### STUDY MATERIAL
****************************************

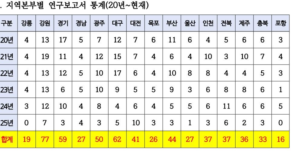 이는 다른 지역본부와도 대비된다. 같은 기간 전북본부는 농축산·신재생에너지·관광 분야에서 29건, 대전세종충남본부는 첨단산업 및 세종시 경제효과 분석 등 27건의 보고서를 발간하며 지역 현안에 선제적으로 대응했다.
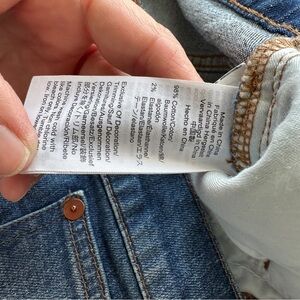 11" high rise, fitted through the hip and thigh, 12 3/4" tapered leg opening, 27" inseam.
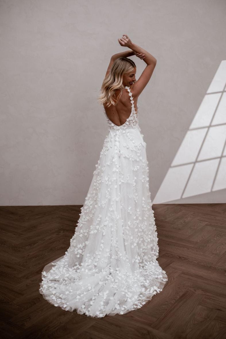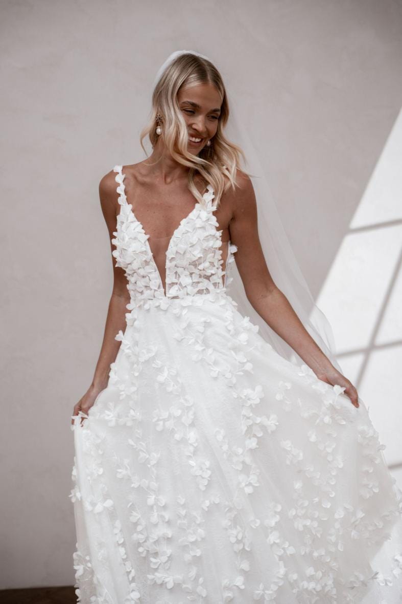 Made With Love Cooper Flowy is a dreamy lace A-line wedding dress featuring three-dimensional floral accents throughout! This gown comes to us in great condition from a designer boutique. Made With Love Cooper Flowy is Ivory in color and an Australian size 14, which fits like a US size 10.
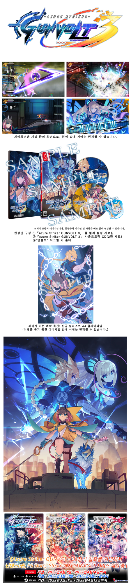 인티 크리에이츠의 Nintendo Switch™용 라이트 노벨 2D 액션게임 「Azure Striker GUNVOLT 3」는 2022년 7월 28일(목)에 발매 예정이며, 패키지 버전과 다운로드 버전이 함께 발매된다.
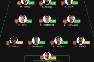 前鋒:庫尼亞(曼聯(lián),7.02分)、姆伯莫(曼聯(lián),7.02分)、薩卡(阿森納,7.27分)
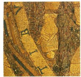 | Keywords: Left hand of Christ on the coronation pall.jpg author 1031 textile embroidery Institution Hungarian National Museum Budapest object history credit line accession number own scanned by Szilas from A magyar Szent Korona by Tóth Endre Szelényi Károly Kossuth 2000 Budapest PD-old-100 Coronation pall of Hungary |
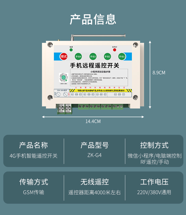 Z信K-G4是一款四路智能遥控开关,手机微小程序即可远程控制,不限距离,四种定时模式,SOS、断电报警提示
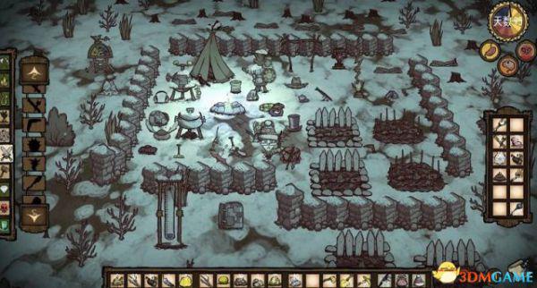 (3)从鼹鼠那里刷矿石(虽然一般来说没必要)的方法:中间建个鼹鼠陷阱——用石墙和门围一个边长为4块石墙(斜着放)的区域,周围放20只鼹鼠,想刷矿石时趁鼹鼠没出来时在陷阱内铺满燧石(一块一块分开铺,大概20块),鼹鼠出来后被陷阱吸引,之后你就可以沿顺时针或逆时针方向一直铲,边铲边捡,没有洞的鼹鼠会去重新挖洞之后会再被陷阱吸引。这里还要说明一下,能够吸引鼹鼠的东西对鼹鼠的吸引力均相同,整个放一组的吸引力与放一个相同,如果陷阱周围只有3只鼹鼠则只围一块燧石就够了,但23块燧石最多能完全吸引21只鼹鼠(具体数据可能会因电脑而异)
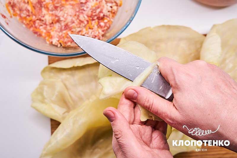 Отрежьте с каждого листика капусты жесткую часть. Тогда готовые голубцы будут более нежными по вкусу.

****************************************

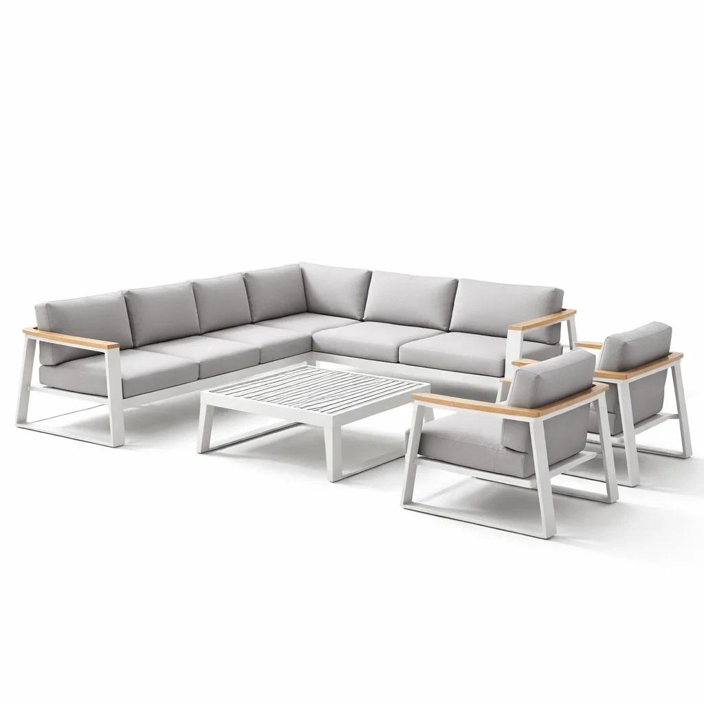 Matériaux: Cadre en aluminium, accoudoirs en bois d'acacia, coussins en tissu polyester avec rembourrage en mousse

****************************************

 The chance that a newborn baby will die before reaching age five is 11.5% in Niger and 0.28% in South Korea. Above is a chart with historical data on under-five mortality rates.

****************************************

### EXERCISE
Once the line with "of Hungary |" is found in the data above, reproduce it and each line after it exactly, through the line with "Отрежьте с каждого". Omit the pictures.

### RESPONSE BELOW
 | Keywords: Left hand of Christ on the coronation pall.jpg author 1031 textile embroidery Institution Hungarian National Museum Budapest object history credit line accession number own scanned by Szilas from A magyar Szent Korona by Tóth Endre Szelényi Károly Kossuth 2000 Budapest PD-old-100 Coronation pall of Hungary |
 Z信K-G4是一款四路智能遥控开关,手机微小程序即可远程控制,不限距离,四种定时模式,SOS、断电报警提示
 (3)从鼹鼠那里刷矿石(虽然一般来说没必要)的方法:中间建个鼹鼠陷阱——用石墙和门围一个边长为4块石墙(斜着放)的区域,周围放20只鼹鼠,想刷矿石时趁鼹鼠没出来时在陷阱内铺满燧石(一块一块分开铺,大概20块),鼹鼠出来后被陷阱吸引,之后你就可以沿顺时针或逆时针方向一直铲,边铲边捡,没有洞的鼹鼠会去重新挖洞之后会再被陷阱吸引。这里还要说明一下,能够吸引鼹鼠的东西对鼹鼠的吸引力均相同,整个放一组的吸引力与放一个相同,如果陷阱周围只有3只鼹鼠则只围一块燧石就够了,但23块燧石最多能完全吸引21只鼹鼠(具体数据可能会因电脑而异)
 Отрежьте с каждого листика капусты жесткую часть. Тогда готовые голубцы будут более нежными по вкусу.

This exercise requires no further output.